Why I believe academics have failed the general public

by Mark Curtis

Times Higher Education Supplement, 1 October 2004

My view is that the reality of Britain’s foreign policy is very different than usually presented by academics. Indeed, I think British academics are generally responsible for keeping students and the public in ignorance about this country’s real role in the world.

Explicit or implicit in much academic analysis is that Britain aims to promote the grand principles of democracy, peace, human rights and overseas development, the goals espoused by policy-makers. Criticism of policy is normal, but is usually within very narrow parameters, focuses on marginal issues and ignores whole policies. There has been a categoric failure to document rigorously the formerly secret planning records in the National Archives.

My own research shows that Britain is a systematic violator of international law and the UN, a key ally of many repressive regimes and a consistent condoner of human rights abuses. The key goals are to maintain British elites’ political standing in the world – “great power” status – and to ensure that the global economy benefits Western business, both in alliance with the US. From these goals flow many policies consigning much of the world’s population to the status of “unpeople” – victims of policies.  

Many key British policies are unknown to the public since academics have failed to reveal them. The 1953 overthrow of the democratically elected government in British Guiana has barely been touched by academics. Britain’s covert role in the Indonesian Generals bloody seizure of power in 1965 – a story I broke in 1996 – has rarely been subject to academic analysis. Almost nothing has been written on Britain’s role in the Vietnam war, in the rise of Ugandan dictator Idi Amin and in its support for brutal Nigerian policies in the civil war over Biafra.

Britain’s invasion of Egypt in 1956 is the only military intervention over the past fifty years that has been severely criticised in mainstream analysis. The reason is obvious – Britain lost. A year after Suez, Britain intervened to defend a regime in Oman as repressive as any that has existed in the Middle East. The Sultan kept several thousand slaves and presided over a barbaric justice system with torture endemic, while British advisers stood by. This intervention has been removed from history.

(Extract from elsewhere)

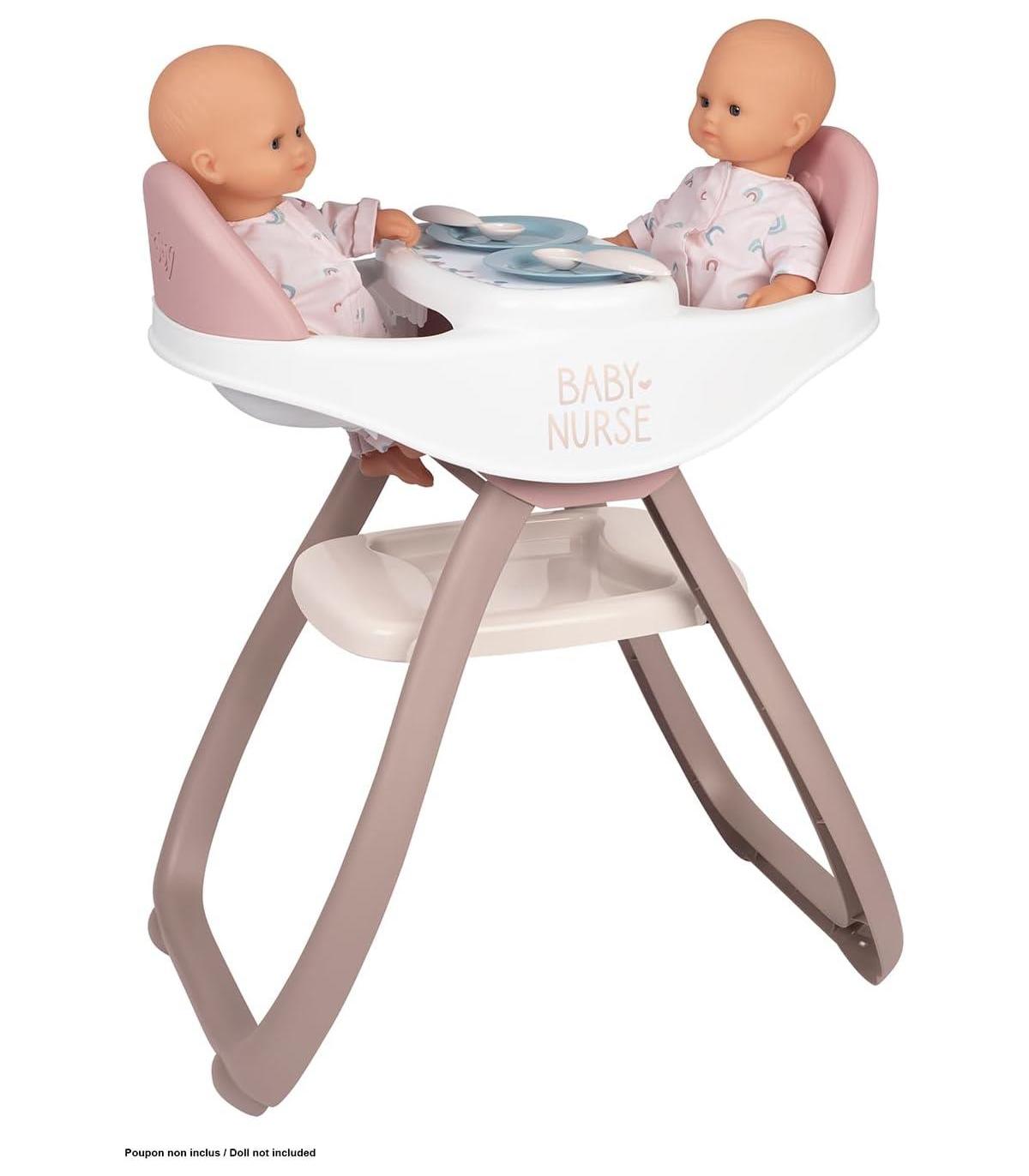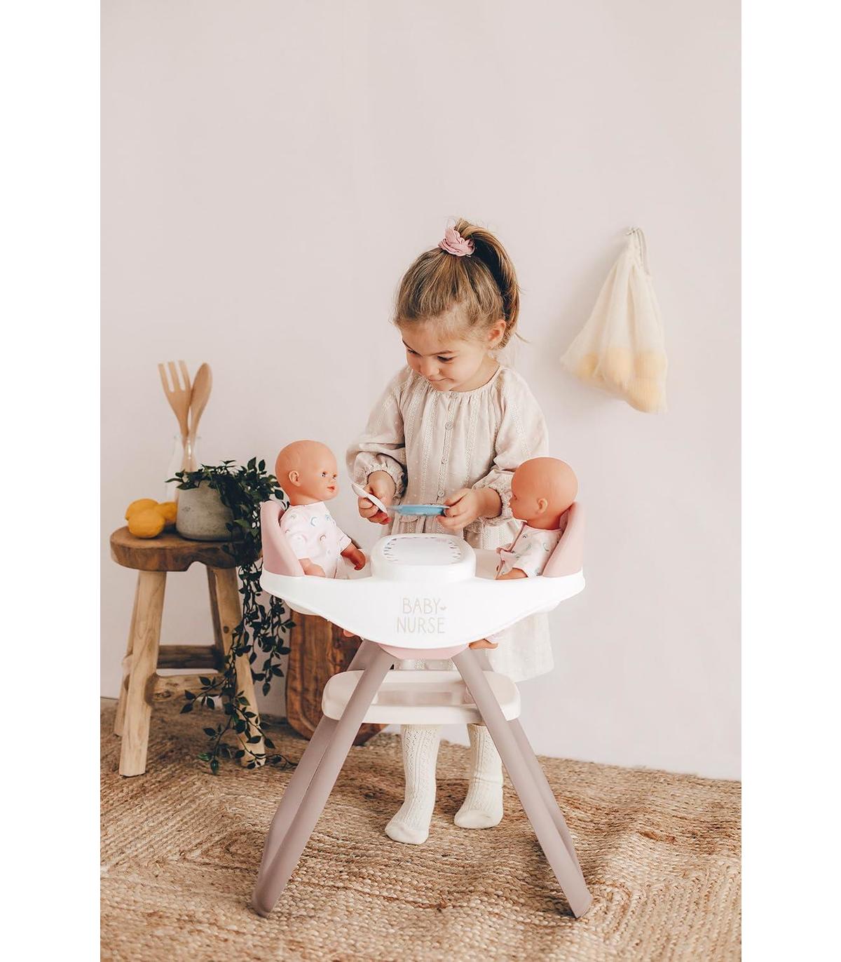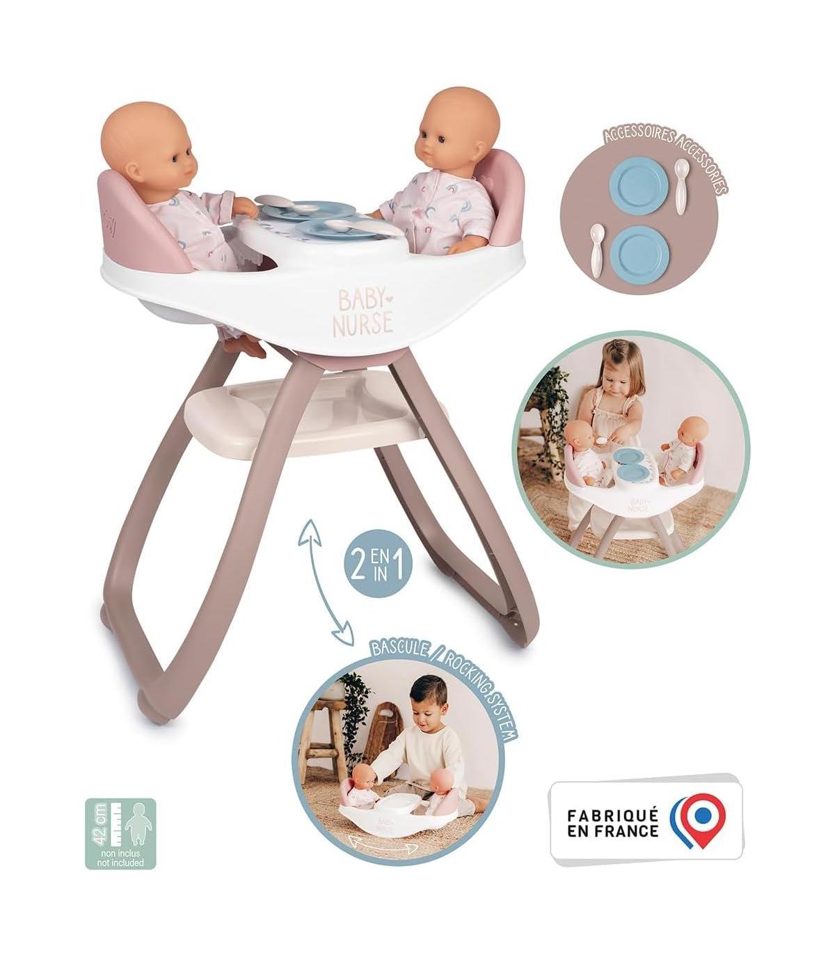 Bn Trona Gemelar Trona gemelar con la que el niño puede alimentar a 2 muñecos al mismo tiempo 2en1: asiento para la trona y balancín Incluye: 2 cucharas y 2 platos. Muñecos no incluidos Adecuado a partir de 2 años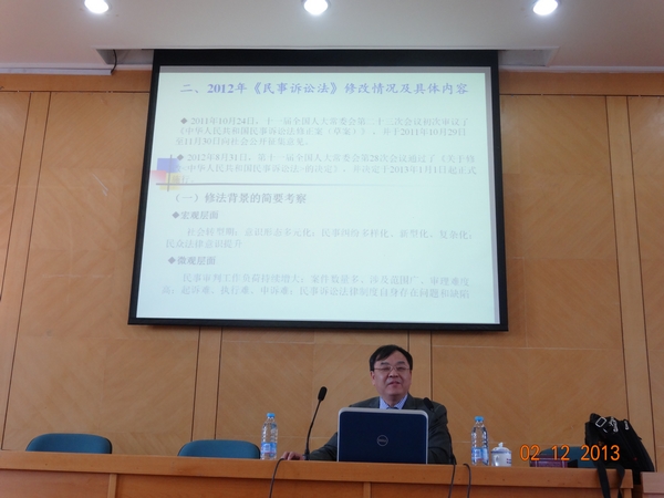 潘剑锋教授紧扣主题,介绍了我国民事诉讼法立法的历史沿革和2012年民诉法修改的具体内容,并与师生分享了他对民诉法修改的思考。潘教授的讲座用语幽默、形象生动,对中国民诉法见解深刻、独到,使师生们备受启发、受益匪浅。

What about more recent events? Britain’s complicity in the Rwanda genocide of 1994 has been exposed by journalist Linda Melvern in her book, A People Betrayed. Yet this role has been analysed in only one academic article that I am aware of. The depopulation of the Chagos islands and Diego Garcia in the 1960s is the subject of no British academic analysis; neither is the Blair government’s continuing abuse of the Chagossians.

Sanctions against Iraq contributed to the deaths of hundreds of thousands of people, but have barely been touched by British academics. The same goes for the Blair government’s current support for repressive regimes in Turkey, Saudi Arabia, Indonesia, Nigeria, Israel and Russia.

As someone who currently works outside British academia, I find it hard to explain this failure. Clearly, there is some independent analysis taking place, but not much. Perhaps closeness to policy-makers, seeking career advancement by not rocking the boat, funding pressures that skew the direction of research and administrative overload that restricts research time, may all be reasons. As is the fact that British foreign policy is often regarded as a subject unworthy of separate study.

Yet my experience is also that many academics do not see themselves as needing to take moral choices or even as actors in progressive social change. They do not sufficiently use a moral prism to decide which issues to focus on, and how; the same often goes for PhD students, whose subject choices in international relations often amaze me.

Staff in the politics department at the University of Bristol have recently established the network of scholars of politics and international relations, or NASPIR. It seeks to share critical research on foreign policy to promote positive social change. This is badly needed; so too is more academics making the choice to challenge power rather than serve it.

3 comments

  1. R Eventon says:

    Mark

    This is a startling trueism of the discipline of International Politics. International Relations in particular is in desperate need of an overhaul; the goal is seemingly to create diplomats well versed in ‘realist’ theory. That this paradigm has reached predominance is evidence that the liberal ideals espoused at the discipline’s inception have been abandoned. For those who study and work in international politics departments, whose job it is to study world issues, they owe the public a duty to analyse foreign policy and report and speak out against their government.

    The less said about phd topics the better.

  2. E Stewart says:

    There is certainly a lack of radicalism across academia as a whole. However, there are many constraints to independent research: a lack of funding (particularly for research that is considered controversial) and publication bias, as well as time constraints in academic departments focused largely on teaching. For those of us that would go against the grain, we are up against it in a age of slick careerism where free-thinking academics are increasingly a thing of the past.

    1. A. Hatuxka says:

      Sounds as if to you “radicalism” means a spirit of academic inquiry with initiative and rigor. The rest of how you word your comment shows you are part of the problem.